Directions: Pictures are not part of the copy. Set down exactly the lines from the one containing "Bu anlar, temizlik" through the last line of the material below.

Available data:
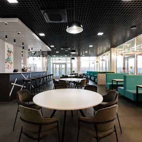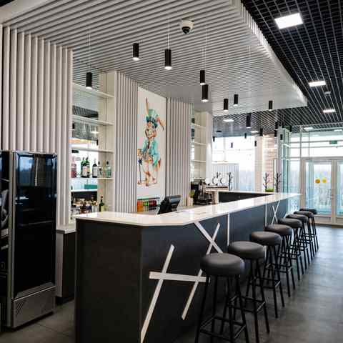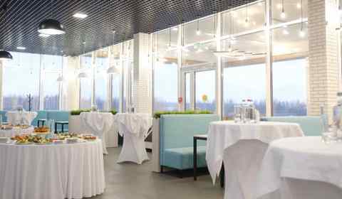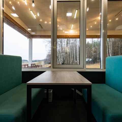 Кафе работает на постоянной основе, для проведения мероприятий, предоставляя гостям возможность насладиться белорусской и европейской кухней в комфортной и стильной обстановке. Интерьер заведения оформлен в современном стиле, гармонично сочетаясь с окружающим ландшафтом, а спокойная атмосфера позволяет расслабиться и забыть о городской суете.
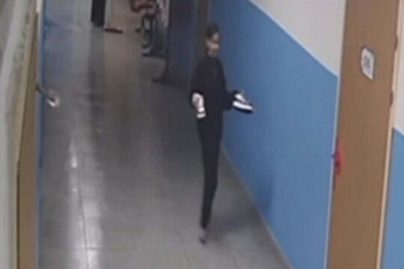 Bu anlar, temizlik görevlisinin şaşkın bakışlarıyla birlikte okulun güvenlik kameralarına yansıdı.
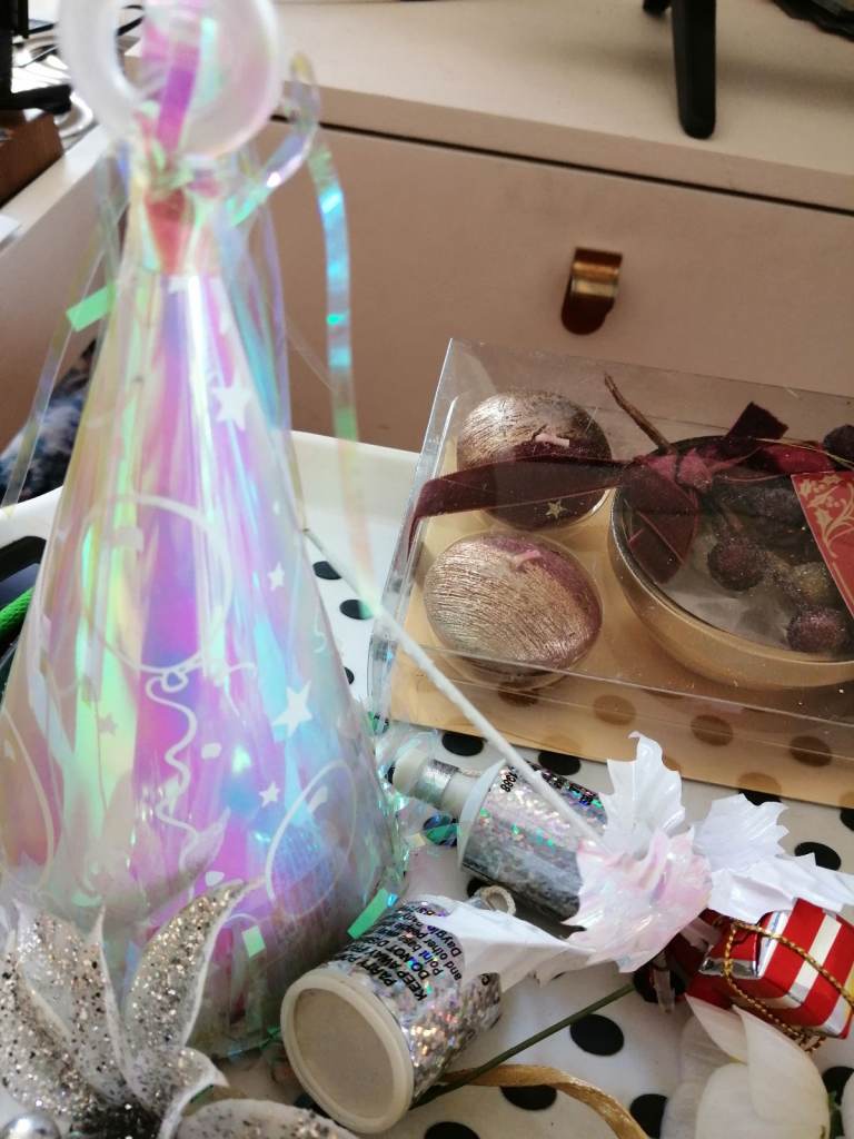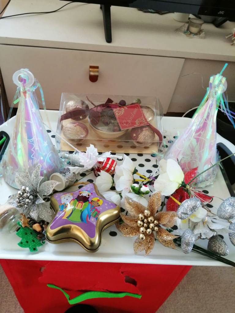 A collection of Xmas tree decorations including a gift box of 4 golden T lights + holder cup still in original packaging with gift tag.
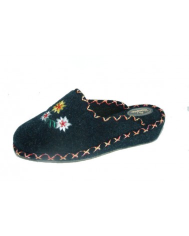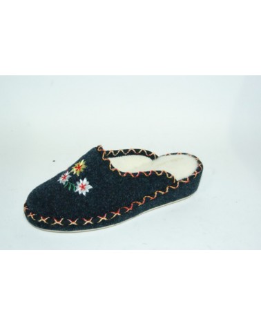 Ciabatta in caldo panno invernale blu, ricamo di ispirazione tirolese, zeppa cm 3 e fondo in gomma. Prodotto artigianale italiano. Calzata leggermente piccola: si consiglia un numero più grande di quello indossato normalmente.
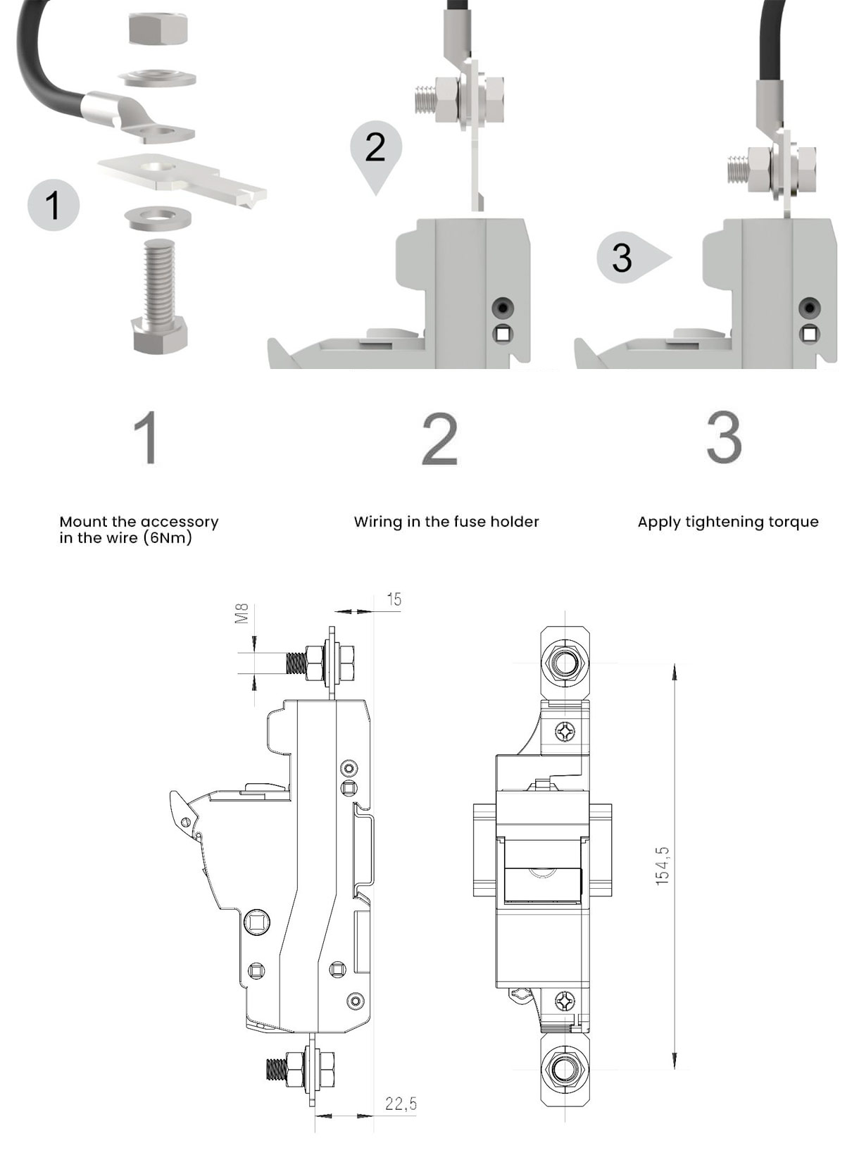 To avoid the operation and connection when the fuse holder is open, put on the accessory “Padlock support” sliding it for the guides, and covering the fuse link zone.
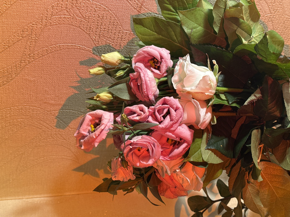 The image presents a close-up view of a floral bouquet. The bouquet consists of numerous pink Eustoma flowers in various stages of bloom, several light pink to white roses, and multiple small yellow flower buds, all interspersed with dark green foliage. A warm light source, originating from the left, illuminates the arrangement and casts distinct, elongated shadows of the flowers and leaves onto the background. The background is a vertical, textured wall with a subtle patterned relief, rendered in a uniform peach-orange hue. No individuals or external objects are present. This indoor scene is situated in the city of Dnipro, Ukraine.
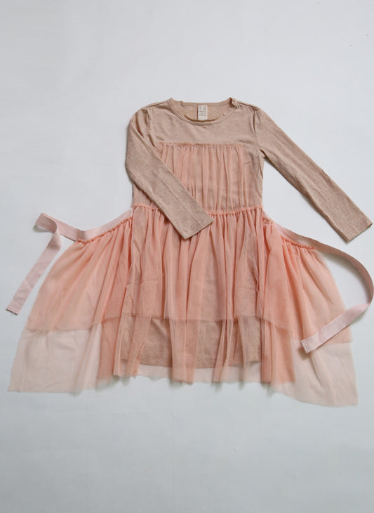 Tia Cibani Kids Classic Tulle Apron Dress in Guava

Response for this exercise:
 Bu anlar, temizlik görevlisinin şaşkın bakışlarıyla birlikte okulun güvenlik kameralarına yansıdı.
 A collection of Xmas tree decorations including a gift box of 4 golden T lights + holder cup still in original packaging with gift tag.
 Ciabatta in caldo panno invernale blu, ricamo di ispirazione tirolese, zeppa cm 3 e fondo in gomma. Prodotto artigianale italiano. Calzata leggermente piccola: si consiglia un numero più grande di quello indossato normalmente.
 To avoid the operation and connection when the fuse holder is open, put on the accessory “Padlock support” sliding it for the guides, and covering the fuse link zone.
 The image presents a close-up view of a floral bouquet. The bouquet consists of numerous pink Eustoma flowers in various stages of bloom, several light pink to white roses, and multiple small yellow flower buds, all interspersed with dark green foliage. A warm light source, originating from the left, illuminates the arrangement and casts distinct, elongated shadows of the flowers and leaves onto the background. The background is a vertical, textured wall with a subtle patterned relief, rendered in a uniform peach-orange hue. No individuals or external objects are present. This indoor scene is situated in the city of Dnipro, Ukraine.
 Tia Cibani Kids Classic Tulle Apron Dress in Guava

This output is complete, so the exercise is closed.